- **Exercise aim**: Take the lines from the beginning of the data below through the line holding "Chaise pivotante rembourrée" and return exactly those.

-- Exercise data follows --

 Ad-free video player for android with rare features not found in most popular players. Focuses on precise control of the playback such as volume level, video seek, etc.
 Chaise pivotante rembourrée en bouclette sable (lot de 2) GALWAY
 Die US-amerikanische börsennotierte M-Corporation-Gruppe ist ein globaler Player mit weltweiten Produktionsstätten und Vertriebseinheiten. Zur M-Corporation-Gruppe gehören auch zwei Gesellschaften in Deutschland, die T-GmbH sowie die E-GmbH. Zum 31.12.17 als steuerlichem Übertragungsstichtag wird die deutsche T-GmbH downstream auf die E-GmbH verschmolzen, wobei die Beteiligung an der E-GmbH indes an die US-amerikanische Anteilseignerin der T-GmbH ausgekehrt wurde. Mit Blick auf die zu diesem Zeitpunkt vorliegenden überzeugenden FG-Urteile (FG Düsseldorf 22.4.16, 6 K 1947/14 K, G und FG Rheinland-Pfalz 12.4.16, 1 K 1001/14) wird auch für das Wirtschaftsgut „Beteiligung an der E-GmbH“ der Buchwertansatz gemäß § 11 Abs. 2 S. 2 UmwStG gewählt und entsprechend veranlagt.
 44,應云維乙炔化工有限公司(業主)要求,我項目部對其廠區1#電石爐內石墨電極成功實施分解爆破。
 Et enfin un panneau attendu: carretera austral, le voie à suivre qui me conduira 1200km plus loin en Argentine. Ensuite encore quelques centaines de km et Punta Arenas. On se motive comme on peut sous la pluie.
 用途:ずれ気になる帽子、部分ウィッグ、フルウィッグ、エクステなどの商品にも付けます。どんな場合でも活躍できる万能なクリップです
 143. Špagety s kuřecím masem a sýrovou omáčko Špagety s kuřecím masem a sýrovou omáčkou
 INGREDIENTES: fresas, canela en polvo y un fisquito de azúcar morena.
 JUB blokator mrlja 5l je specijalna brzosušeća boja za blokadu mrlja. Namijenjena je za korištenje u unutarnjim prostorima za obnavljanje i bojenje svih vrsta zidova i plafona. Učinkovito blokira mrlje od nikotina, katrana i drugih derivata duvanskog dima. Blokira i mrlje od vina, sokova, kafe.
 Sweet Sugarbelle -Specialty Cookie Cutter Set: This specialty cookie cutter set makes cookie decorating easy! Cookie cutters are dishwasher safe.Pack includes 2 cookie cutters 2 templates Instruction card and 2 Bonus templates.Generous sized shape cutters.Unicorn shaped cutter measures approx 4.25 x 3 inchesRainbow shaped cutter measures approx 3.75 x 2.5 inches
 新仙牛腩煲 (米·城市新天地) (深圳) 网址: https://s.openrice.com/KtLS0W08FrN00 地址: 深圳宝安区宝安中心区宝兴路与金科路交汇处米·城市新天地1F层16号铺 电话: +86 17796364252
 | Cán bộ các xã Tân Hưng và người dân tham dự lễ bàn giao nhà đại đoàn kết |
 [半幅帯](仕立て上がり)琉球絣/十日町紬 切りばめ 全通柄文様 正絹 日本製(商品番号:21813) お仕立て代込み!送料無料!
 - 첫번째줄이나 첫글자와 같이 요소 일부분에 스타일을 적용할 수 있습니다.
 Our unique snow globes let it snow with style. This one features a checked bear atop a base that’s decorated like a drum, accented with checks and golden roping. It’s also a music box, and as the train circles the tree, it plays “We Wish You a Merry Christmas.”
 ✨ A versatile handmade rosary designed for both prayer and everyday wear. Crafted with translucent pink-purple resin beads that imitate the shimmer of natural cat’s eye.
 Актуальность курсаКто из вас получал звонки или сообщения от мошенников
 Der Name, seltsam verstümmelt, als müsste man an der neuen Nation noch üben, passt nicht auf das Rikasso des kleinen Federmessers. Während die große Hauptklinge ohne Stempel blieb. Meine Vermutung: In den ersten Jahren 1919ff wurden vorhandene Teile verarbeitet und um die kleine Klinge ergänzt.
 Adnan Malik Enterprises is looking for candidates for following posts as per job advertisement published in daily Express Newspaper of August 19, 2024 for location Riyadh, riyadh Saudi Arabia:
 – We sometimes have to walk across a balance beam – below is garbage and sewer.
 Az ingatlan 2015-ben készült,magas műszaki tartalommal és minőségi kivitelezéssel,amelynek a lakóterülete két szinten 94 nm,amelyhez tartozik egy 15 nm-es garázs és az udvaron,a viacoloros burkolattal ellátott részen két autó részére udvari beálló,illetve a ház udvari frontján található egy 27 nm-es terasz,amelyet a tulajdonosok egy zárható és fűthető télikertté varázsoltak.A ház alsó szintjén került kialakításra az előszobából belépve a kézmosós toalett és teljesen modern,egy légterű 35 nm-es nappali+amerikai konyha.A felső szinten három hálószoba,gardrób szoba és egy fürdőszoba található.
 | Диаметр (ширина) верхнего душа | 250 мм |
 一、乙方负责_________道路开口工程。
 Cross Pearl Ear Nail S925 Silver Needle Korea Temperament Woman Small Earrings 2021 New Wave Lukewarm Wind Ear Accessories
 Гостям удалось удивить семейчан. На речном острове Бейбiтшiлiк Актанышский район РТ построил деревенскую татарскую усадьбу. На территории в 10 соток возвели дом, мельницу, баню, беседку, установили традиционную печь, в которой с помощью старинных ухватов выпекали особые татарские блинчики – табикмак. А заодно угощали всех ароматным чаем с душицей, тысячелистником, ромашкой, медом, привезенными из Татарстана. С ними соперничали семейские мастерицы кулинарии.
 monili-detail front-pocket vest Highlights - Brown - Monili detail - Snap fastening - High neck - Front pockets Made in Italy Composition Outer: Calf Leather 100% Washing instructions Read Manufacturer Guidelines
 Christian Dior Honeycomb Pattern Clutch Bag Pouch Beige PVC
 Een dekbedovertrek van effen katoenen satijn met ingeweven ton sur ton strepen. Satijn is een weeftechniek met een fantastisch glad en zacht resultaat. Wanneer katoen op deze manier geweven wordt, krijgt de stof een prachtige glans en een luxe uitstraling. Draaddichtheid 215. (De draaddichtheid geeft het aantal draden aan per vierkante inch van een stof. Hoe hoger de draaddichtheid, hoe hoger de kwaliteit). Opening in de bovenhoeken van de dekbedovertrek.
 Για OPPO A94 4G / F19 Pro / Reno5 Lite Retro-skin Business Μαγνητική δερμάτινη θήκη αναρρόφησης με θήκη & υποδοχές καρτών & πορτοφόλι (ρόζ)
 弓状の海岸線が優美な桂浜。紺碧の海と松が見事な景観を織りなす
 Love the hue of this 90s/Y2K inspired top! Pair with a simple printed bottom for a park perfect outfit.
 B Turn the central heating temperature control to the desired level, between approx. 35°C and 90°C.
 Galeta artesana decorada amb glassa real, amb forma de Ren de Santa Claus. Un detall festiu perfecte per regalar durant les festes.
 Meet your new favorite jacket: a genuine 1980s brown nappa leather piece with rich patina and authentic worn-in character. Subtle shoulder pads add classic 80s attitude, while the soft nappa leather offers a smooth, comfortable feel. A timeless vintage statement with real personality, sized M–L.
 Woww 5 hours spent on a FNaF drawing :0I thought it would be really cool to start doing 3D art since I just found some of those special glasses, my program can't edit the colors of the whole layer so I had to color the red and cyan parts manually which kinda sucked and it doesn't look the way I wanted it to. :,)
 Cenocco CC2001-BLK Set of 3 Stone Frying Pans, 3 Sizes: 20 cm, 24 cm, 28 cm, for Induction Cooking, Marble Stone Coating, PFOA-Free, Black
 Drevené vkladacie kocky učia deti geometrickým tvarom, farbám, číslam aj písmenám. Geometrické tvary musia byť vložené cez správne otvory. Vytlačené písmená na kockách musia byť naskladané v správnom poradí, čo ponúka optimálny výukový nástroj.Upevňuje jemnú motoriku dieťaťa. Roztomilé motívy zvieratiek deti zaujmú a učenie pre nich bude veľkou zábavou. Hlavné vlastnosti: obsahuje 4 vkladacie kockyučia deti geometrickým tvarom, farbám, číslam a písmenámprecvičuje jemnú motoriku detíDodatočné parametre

-- Exercise data concluded --

- **Solved problem**:
 Ad-free video player for android with rare features not found in most popular players. Focuses on precise control of the playback such as volume level, video seek, etc.
 Chaise pivotante rembourrée en bouclette sable (lot de 2) GALWAY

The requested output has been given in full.